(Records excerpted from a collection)
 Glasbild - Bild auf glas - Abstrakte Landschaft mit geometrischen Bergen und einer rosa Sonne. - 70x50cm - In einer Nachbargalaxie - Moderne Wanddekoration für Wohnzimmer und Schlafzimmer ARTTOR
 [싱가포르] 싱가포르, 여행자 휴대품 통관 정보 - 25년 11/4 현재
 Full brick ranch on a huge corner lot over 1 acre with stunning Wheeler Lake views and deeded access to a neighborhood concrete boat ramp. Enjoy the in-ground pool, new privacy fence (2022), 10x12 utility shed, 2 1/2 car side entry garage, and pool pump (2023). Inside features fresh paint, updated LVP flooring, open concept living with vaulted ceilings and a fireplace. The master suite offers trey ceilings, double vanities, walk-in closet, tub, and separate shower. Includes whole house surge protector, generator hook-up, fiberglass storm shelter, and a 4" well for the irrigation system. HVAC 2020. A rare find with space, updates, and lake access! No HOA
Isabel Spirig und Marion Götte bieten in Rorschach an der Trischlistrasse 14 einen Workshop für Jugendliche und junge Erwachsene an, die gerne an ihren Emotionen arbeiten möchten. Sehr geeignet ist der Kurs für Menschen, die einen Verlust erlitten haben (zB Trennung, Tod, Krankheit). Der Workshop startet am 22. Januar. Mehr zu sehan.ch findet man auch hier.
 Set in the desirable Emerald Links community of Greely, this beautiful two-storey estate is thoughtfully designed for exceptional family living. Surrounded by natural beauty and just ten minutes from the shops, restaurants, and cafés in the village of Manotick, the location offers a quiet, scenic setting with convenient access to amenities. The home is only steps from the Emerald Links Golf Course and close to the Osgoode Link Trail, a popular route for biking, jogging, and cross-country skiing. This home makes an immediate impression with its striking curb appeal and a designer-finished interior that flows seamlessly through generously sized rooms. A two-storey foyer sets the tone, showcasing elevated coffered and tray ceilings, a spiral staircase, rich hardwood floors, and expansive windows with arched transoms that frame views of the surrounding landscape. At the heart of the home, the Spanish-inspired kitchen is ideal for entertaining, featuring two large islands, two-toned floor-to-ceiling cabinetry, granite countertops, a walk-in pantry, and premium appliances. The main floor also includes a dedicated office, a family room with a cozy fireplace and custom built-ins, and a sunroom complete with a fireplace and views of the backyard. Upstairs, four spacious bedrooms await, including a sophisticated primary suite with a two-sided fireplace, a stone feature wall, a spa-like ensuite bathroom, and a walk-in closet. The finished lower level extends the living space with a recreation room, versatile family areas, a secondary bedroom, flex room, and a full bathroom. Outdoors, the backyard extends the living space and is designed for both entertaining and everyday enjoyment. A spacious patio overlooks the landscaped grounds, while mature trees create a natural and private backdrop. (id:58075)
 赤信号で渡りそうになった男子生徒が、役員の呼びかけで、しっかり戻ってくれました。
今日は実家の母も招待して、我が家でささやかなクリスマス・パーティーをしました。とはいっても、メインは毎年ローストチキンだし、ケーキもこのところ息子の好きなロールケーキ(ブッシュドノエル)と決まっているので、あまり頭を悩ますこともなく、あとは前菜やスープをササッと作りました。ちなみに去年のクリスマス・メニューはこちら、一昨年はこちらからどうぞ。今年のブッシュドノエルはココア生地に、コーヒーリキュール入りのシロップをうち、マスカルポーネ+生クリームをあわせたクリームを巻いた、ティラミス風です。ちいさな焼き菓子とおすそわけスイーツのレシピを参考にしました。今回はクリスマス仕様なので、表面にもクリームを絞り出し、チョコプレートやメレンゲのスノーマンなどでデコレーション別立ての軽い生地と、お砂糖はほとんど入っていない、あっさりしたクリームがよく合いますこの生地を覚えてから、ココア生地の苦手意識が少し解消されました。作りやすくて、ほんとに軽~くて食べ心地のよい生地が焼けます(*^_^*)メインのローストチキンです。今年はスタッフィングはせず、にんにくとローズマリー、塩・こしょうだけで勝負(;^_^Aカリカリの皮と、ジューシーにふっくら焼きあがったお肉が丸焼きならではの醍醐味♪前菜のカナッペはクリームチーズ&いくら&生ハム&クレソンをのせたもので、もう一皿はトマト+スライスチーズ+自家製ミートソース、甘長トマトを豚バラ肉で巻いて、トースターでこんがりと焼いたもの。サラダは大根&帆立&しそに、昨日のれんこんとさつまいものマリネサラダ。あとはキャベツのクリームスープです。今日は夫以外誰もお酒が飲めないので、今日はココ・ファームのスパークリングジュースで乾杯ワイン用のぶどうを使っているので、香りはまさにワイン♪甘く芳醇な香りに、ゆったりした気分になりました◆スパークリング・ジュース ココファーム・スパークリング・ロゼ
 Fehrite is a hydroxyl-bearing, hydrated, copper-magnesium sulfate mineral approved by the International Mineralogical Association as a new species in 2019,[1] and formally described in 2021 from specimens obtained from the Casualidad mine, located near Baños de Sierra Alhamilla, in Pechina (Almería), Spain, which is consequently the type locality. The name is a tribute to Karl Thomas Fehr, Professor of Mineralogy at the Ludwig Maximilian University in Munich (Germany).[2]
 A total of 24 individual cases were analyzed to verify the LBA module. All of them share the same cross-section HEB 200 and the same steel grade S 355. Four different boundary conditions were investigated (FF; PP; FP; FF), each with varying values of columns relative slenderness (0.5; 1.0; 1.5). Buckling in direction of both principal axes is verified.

* _REQUIRED ACTION_
Only those lines of the entries above that run from the line containing "[싱가포르] 싱가포르, 여행자 휴대품 통관 정보 - 25년 11/4 현재" to the line containing "Full brick ranch", both included, should be transcribed exactly.

* _RESPONSE TO THE EXERCISE_
 [싱가포르] 싱가포르, 여행자 휴대품 통관 정보 - 25년 11/4 현재
 Full brick ranch on a huge corner lot over 1 acre with stunning Wheeler Lake views and deeded access to a neighborhood concrete boat ramp. Enjoy the in-ground pool, new privacy fence (2022), 10x12 utility shed, 2 1/2 car side entry garage, and pool pump (2023). Inside features fresh paint, updated LVP flooring, open concept living with vaulted ceilings and a fireplace. The master suite offers trey ceilings, double vanities, walk-in closet, tub, and separate shower. Includes whole house surge protector, generator hook-up, fiberglass storm shelter, and a 4" well for the irrigation system. HVAC 2020. A rare find with space, updates, and lake access! No HOA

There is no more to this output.